_Requirement_. Write again exactly the lines in the listing below, starting at the line with "Renkli Noel Dikişsiz" and ending at the line with "The dependence K_n", both included. Pictures are not copied.
(Input records Opens)
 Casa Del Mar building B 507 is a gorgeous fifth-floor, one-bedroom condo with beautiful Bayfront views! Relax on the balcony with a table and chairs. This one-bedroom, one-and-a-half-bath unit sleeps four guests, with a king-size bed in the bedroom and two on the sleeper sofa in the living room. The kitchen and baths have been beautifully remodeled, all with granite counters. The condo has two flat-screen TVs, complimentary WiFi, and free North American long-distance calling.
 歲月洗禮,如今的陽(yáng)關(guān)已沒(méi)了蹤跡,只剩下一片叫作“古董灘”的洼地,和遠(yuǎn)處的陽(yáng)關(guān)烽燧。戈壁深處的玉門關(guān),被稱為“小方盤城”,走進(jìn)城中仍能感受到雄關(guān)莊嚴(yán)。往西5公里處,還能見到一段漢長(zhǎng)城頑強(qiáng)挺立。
(Input records Closes)
(Input records Opens)
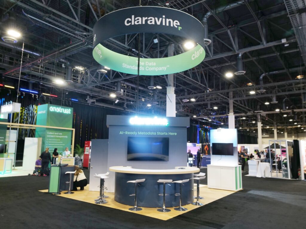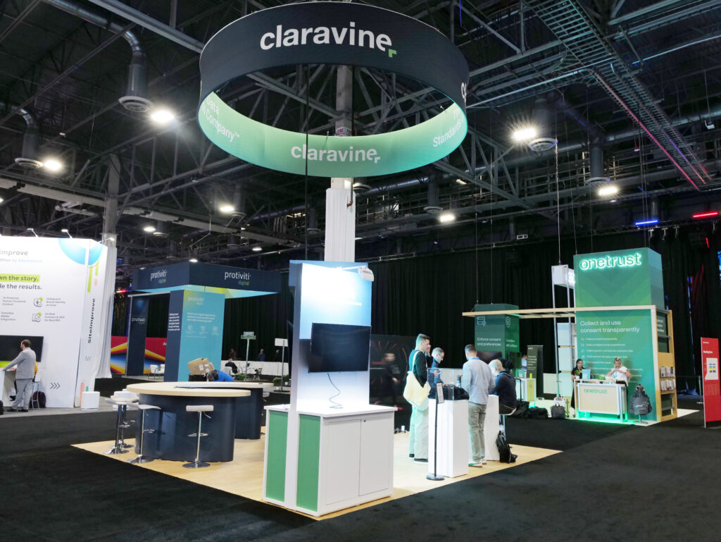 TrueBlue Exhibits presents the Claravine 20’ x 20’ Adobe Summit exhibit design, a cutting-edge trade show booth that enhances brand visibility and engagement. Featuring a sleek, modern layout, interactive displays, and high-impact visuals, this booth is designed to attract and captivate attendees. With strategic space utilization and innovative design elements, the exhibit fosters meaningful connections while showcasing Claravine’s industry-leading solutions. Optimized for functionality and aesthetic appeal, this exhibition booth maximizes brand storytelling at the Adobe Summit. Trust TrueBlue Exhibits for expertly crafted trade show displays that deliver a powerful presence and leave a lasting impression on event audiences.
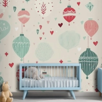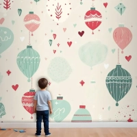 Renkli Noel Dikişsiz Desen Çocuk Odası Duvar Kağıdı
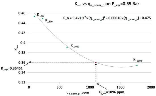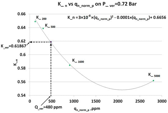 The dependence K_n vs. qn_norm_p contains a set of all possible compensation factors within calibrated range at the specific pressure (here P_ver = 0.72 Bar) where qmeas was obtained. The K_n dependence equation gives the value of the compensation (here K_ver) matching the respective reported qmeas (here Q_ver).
(Input records Closes)
_Problem solution_.
 Renkli Noel Dikişsiz Desen Çocuk Odası Duvar Kağıdı
 The dependence K_n vs. qn_norm_p contains a set of all possible compensation factors within calibrated range at the specific pressure (here P_ver = 0.72 Bar) where qmeas was obtained. The K_n dependence equation gives the value of the compensation (here K_ver) matching the respective reported qmeas (here Q_ver).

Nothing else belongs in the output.